But getting our own hosting doesn't have to be difficult. There are many cheap providers that give sftp access, for example. Pelican comes with a script for uploading to sftp.


> You could then host the font on your own site.

Only if you have a licence for it — font licences are typically prohibitively expensive for individuals' use.


All Google Fonts are open-source.


That's ... interesting. I must admit, I think somewhere in the back of my mind I knew that, but I'm so used to font services requiring to be used remotely, I hadn't even really considered that. So there's absolutely no breach of any kind of law or terms if you host them locally? That could be a game-changer, thanks!

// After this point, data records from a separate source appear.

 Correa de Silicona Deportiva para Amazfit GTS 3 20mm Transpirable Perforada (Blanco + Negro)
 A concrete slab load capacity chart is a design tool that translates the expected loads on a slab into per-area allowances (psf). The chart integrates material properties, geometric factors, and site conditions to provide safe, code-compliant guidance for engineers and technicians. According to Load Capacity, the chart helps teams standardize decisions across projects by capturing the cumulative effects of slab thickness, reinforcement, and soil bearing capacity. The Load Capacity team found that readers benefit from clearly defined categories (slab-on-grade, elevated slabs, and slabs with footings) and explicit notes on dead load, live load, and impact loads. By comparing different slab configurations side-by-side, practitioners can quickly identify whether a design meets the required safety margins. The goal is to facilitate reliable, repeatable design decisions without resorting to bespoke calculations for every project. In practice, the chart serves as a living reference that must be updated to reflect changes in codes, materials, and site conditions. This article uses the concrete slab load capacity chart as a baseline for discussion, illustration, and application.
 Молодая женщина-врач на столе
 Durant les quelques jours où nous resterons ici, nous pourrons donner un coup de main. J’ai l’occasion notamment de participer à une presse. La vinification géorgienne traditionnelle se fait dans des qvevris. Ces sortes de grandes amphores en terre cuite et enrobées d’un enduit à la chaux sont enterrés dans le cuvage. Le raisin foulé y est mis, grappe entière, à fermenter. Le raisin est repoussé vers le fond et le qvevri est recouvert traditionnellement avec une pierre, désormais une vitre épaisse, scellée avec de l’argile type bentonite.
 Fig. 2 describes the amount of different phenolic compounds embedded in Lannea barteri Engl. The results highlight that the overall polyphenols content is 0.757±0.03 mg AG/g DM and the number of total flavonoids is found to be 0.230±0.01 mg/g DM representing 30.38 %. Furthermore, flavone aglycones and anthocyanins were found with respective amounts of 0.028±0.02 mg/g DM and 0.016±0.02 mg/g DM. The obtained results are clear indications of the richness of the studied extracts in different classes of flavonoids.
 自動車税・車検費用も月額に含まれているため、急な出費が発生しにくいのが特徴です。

So there's absolutely no breach of any kind of law or terms if you host them locally?

Open source doesn't necessarily mean free to use for whatever you want. Which licence a font on Google Fonts uses varies - common ones are Apache and Open Font Licence, but you should check the licence file in any font pack you download.


You can 'npm install' any of the google fonts, there are a variety of options like webpack plugins. The only thing you miss out on is apparently they serve slightly different variants to different OS/device types if you use google directly.

Personally, I avoid third-party requests. CDNs are so HTTP1.1.


The licenses used are quite liberal, so pretty much. (I'm not a lawyer)


I quick look on what happens, it would seem cloudflare is used to load katex.js

You may be able to disable this in the theme config if you don't use it.


Ahhh thank you, looks like that's used to render MathML, which I do use. Perhaps I can add katex.js to the git repo and serve it from wherever it is gitlab hosts their websites.


I use pelican-katex plugin to render math once during website generation, and then not have to load the katex.js file at all. Only a katex.css file and fonts loaded from my own server.

https://github.com/cqql/pelican-katex


I'm no hugo expert, but that's likely possible. After all, the JS files are static content. You can probably modify the theme's template to load the js from the origin.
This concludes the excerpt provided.